Question

How do you evaluate $\cot \left( {\dfrac{{3\pi }}{2}} \right)$?

Answer 1

In order to determine the value of the above question, first rewriting the angle in the form of $\pi \pm \theta$, we get $\pi + \dfrac{\pi }{2}$ where $\theta = \dfrac{\pi }{2}$. As we know that $\cot \left( {\pi + \dfrac{\pi }{2}} \right) = - \cot \left( {\dfrac{\pi }{2}} \right)$ because $\pi + \dfrac{\pi }{2}$ is the angle in the fourth quadrant and cotangent is always negative in 4th quadrant. Rewrite the cotangent and put the exact value of $\cot \left( {\dfrac{\pi }{2}} \right) = 0$ in it to get your desired value.

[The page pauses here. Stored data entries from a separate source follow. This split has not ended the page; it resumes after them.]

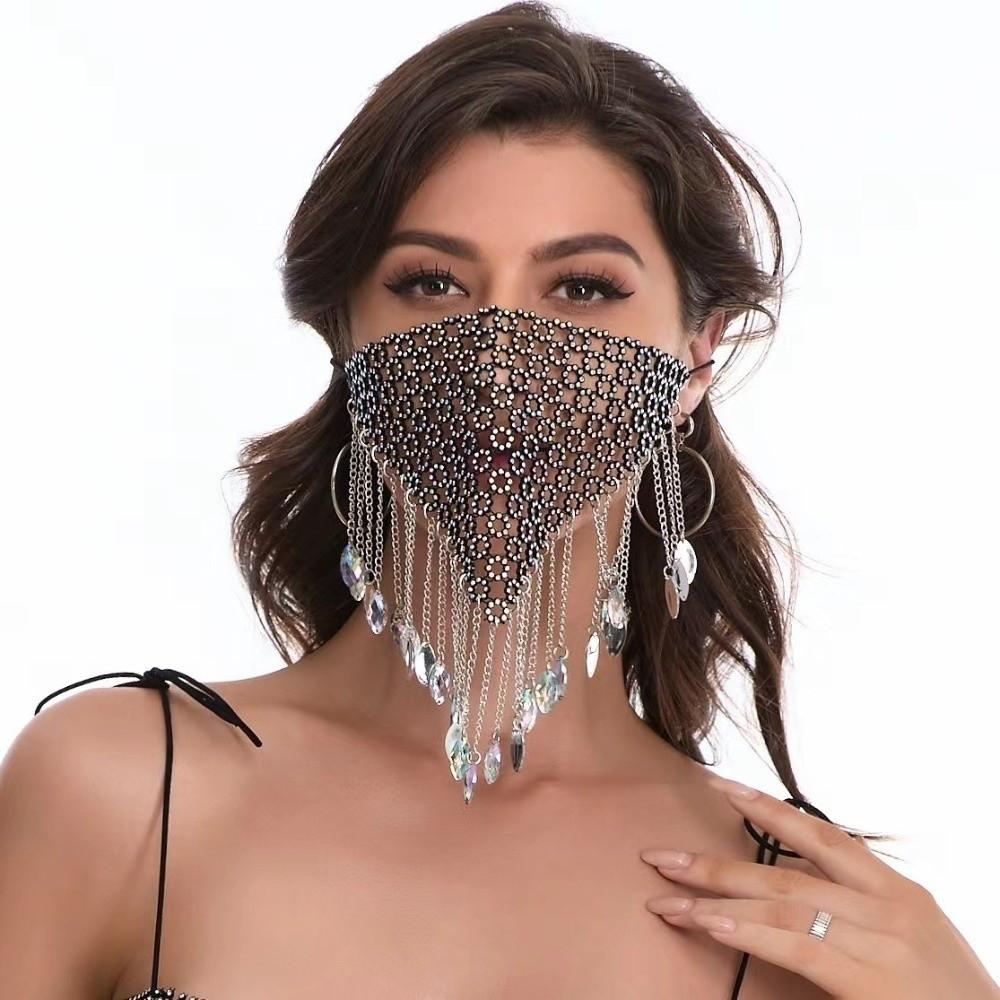 Tassel Face Cover Fishing Net Masquerade Mask Delicate Rhinestone Mask Dance Party
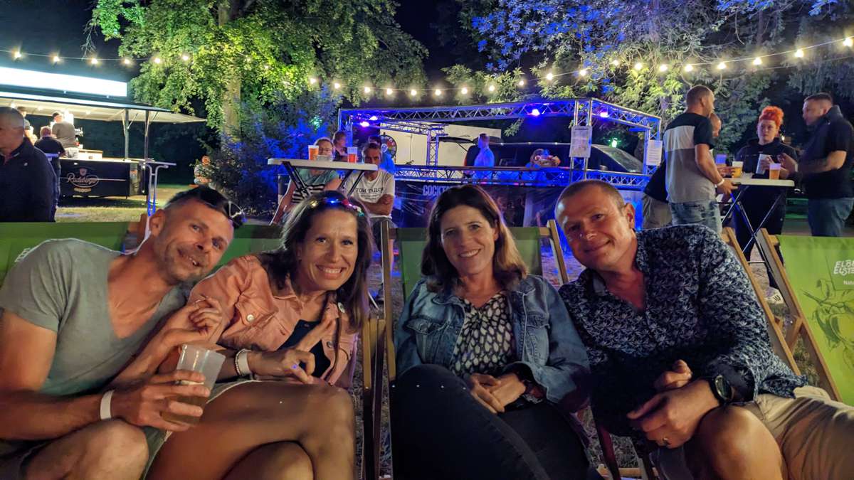 Matthias Lange, Cindy Vogel, Adriana Richter und Michael Lucko lauschten entspannt den Bands in der Samstagssommernacht. Foto: Christiane Müller, Stadt Elsterwerda
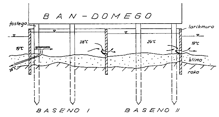 La enkonduko de la termoakvo al baseno I estos tia ke ĝi laŭeble bone miksiĝu kun la ĉirkaŭa akvo, ĉar se la varma akvo flosus sur la supro, la varmoperdo estus pli granda. La transfluo al la alia baseno kaj de tie al la libera akvospaco okazas tra horizontale longaj, vertikale mallarĝaj aperturoj en la muroj. Tiamaniere la retrofluo de la malvarma akvo estas ekskludita. Estos en la muroj aŭtomate fermiĝantaj pordoj, kiujn la naĝantoj facile malfermos kaj ili povos transnaĝi el unu baseno al la alia aŭ al la libera akvospaco de la lago. Somere certaj partoj de la muro estas forigeblaj, do libera naĝado el la lago sub la bandomegon kaj retro estos plifaciligita.
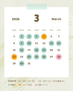 日時:3/22(月)10:00~15:00
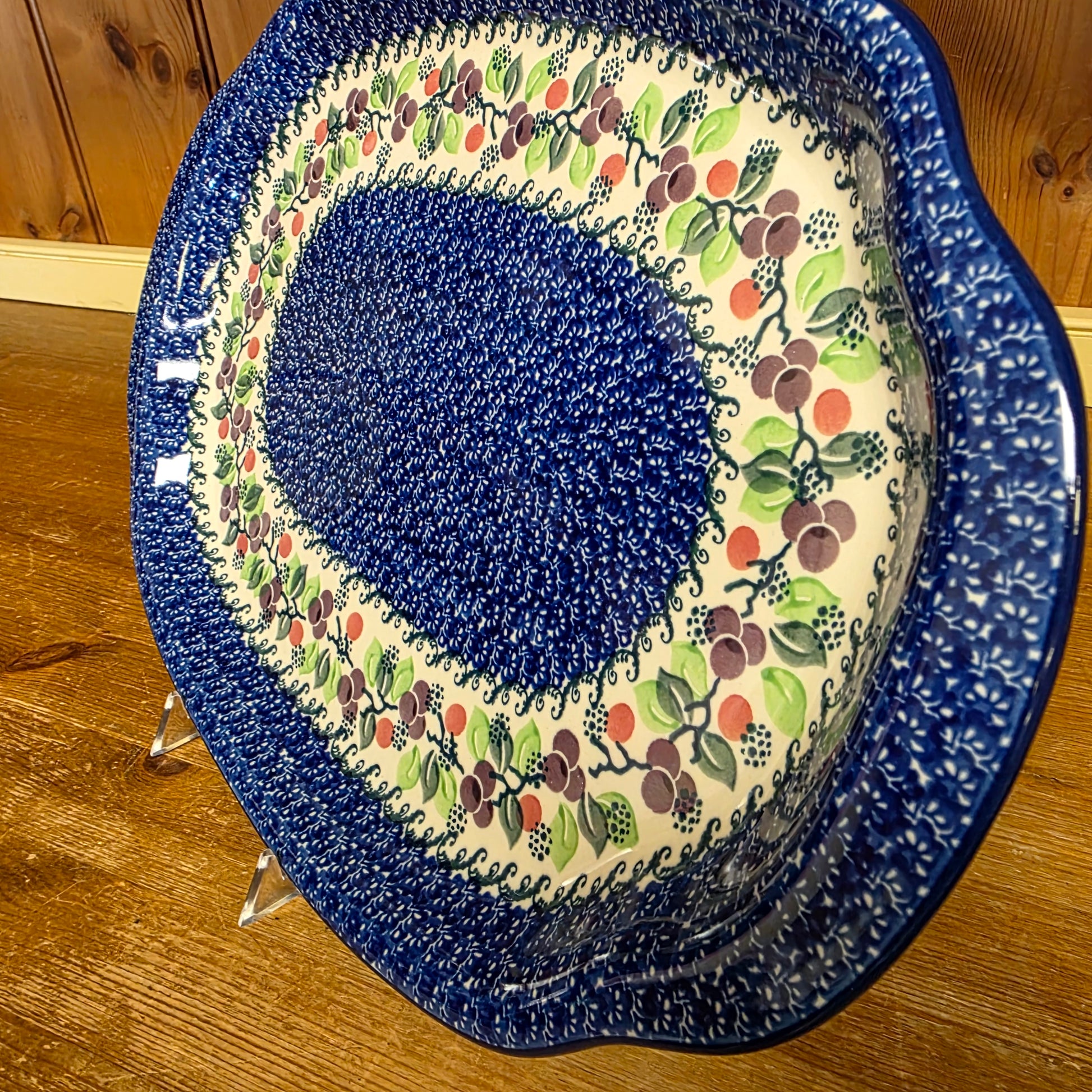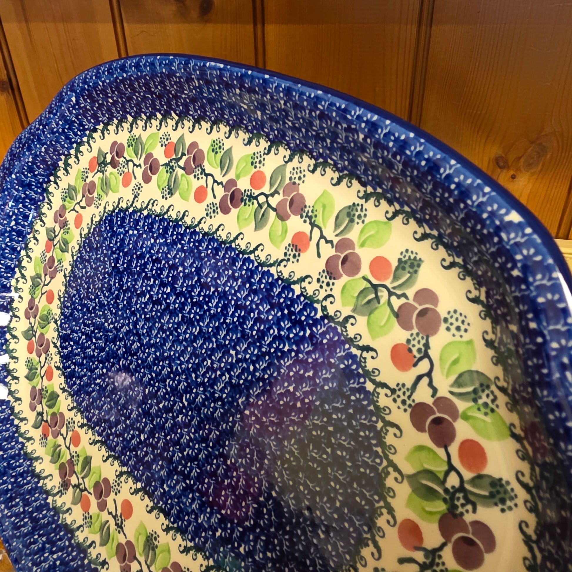 Polish Pottery Platter Oval 11.5" x 15.5" 1418X ~ Burgandy Berry Blue
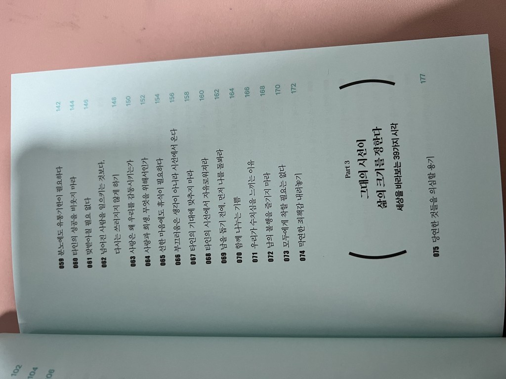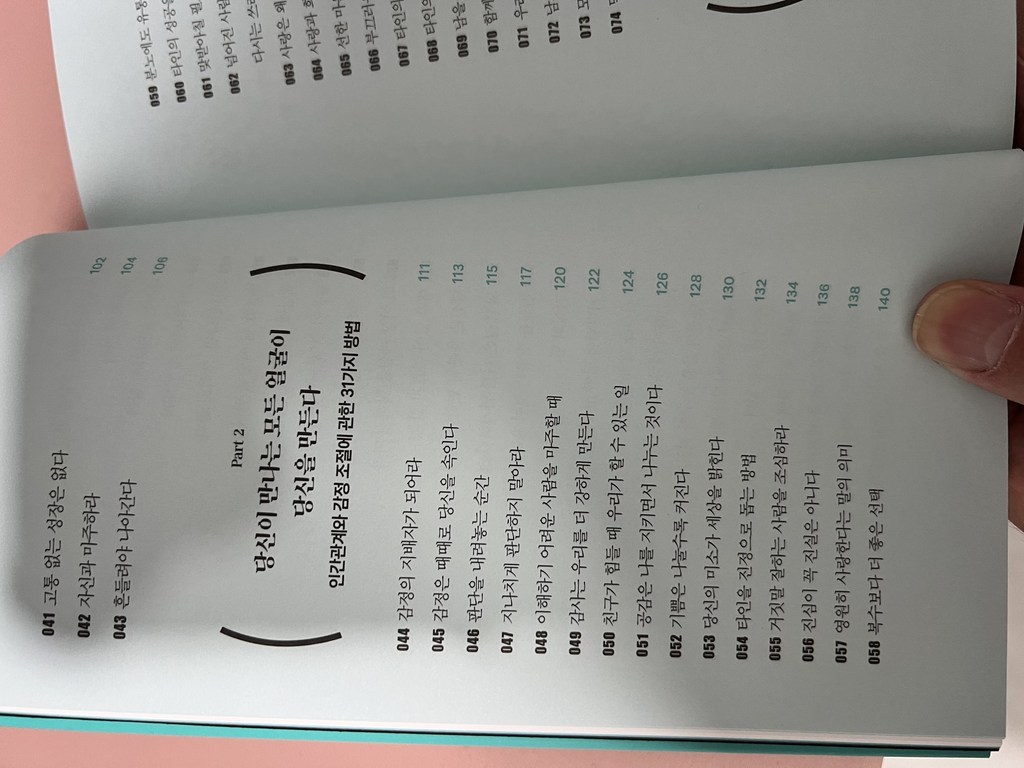 작은 책 크기 250여 페이지 큰 활자 로 씌여졌으며 짧은 글로 이루어져 있어 술술 읽허져요. 게다가 앞 내용이 기억나지 않아도 읽을 수 있으며 아무페이지나 펼쳐 읽을 수도 있죠. 하지만 슬렁슬렁하고 짧은 글자들이지만 맘에 파고드는 정도는 정말이지 깊게 깊게 들어오더라구요. 첨엔 너무 쉽게 읽혀 이게 뭐야? 왜 유명해? 이랬는데 같은 꼭지글을 두 세번 반복하니 아하!이렇개 되더라는 거죠. 툭히나 전 인긴관계와 감정조절에 관한 것을 다룬 part 2 를 좀 더 생각하면서 읽게 되더라구요.
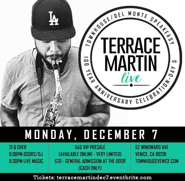Join Terrace Martin and friends for an all-star jam session to help commemorate the 100 year anniversary of the Del Monte Speakeasy, one of the oldest night time establishments in the Los Angeles area. Get your VIP tickets. Regular tickets will be sold at the door.
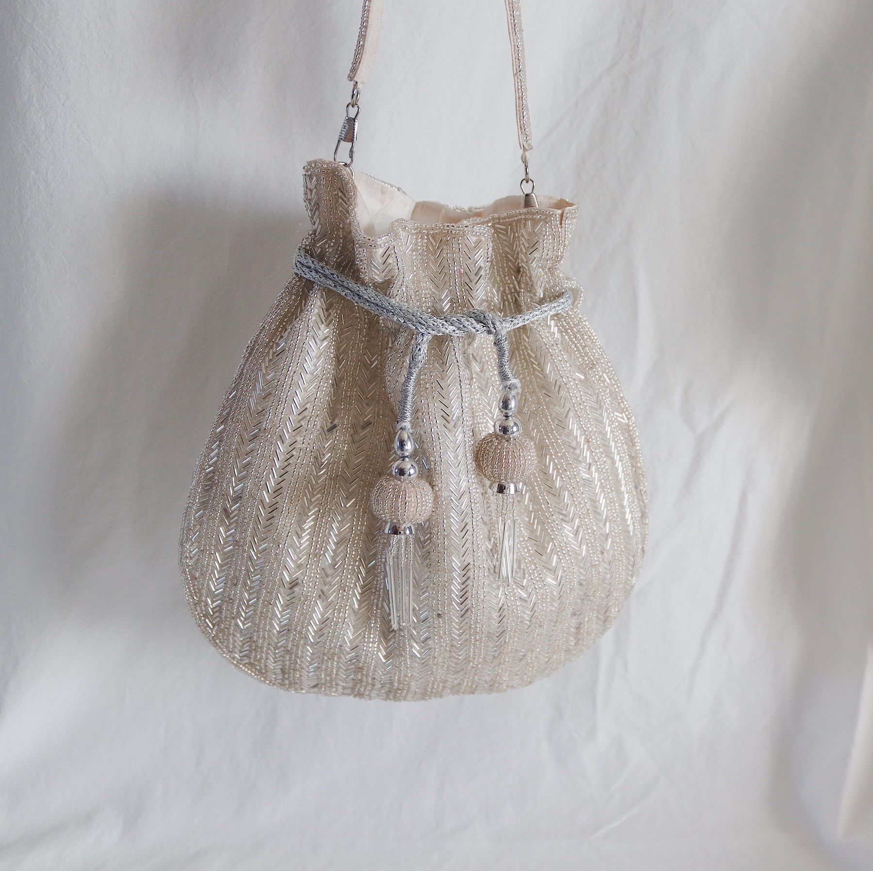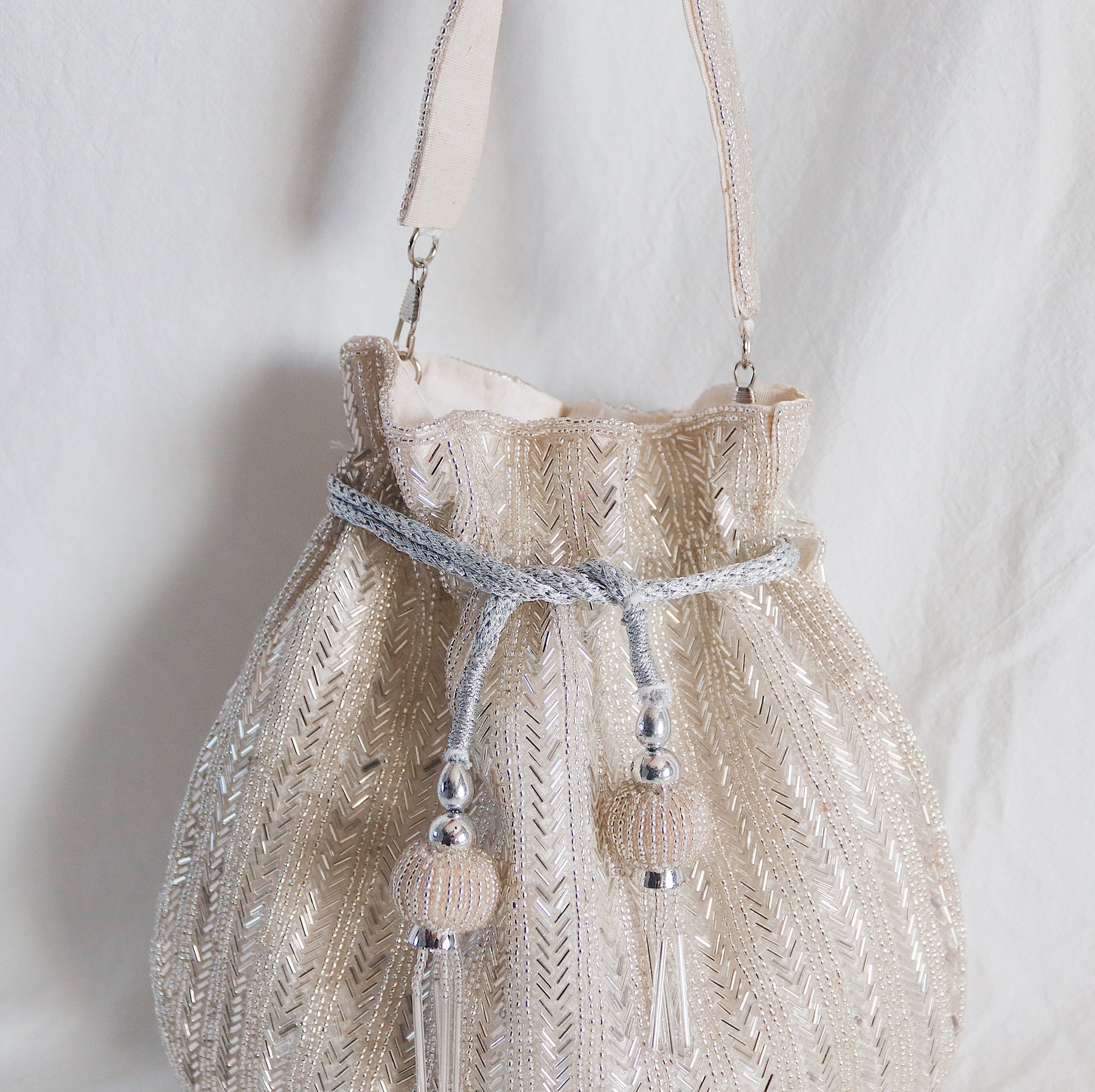 This potli features an all-over beadwork pattern that gives a beautiful textured shimmer under lights. Finished with a drawstring closure and delicate bead tassel detailing, it’s perfect for weddings, Eid celebrations, dinner events and formal occasions.

Complete step by step answer:
We are given a $\cot \left( {\dfrac{{3\pi }}{2}} \right)$, and we have to evaluate its value.
Let’s write the angle $\dfrac{{3\pi }}{2}$ in the form of $\pi \pm n$. We get that $\dfrac{{3\pi }}{2}$ can be written as $\pi + \dfrac{\pi }{2}$
$= \cot \left( {\pi + \dfrac{\pi }{2}} \right)$-----(1)
As we can see that $\pi + \dfrac{\pi }{2}$ is the angle in the fourth quadrant and cotangent is always negative in 4th quadrant, that’s by $\cot \left( {\pi + \dfrac{\pi }{2}} \right) = - \cot (\dfrac{\pi }{2})$.
We can write
$= \cot \left( {\pi + \dfrac{\pi }{2}} \right) \\\ = - \cot \left( {\dfrac{\pi }{2}} \right) \\\$
The exact value of $\cot \left( {\dfrac{\pi }{2}} \right) = 0$, putting this value, we get
$= - 0 \\\ = 0 \\\$
Therefore, the value of $\cot \left( {\dfrac{{3\pi }}{2}} \right)$ is equal to $0$.

Note: 1. Periodic Function= A function $f(x)$ is said to be a periodic function if there exists a real number T > 0 such that $f(x + T) = f(x)$ for all x.
If T is the smallest positive real number such that $f(x + T) = f(x)$ for all x, then T is called the fundamental period of $f(x)$ .
Since $\sin \,(2n\pi + \theta ) = \sin \theta$ for all values of $\theta$ and n$\in$N.
2. Even Function – A function $f(x)$ is said to be an even function, if $f( - x) = f(x)$ for all x in its domain.
Odd Function – A function $f(x)$ is said to be an even function, if $f( - x) = - f(x)$ for all x in its domain.
We know that $\sin ( - \theta ) = - \sin \theta \cos ( - \theta ) = \cos \theta \,and\,\tan ( - \theta ) = - \tan \theta$
Therefore, $\sin \theta$ and $\tan \theta$ and their reciprocals,$\cos ec\theta$ and $\cot \theta$ are odd functions whereas $\cos \theta$ and its reciprocal $\sec \theta$ are even functions.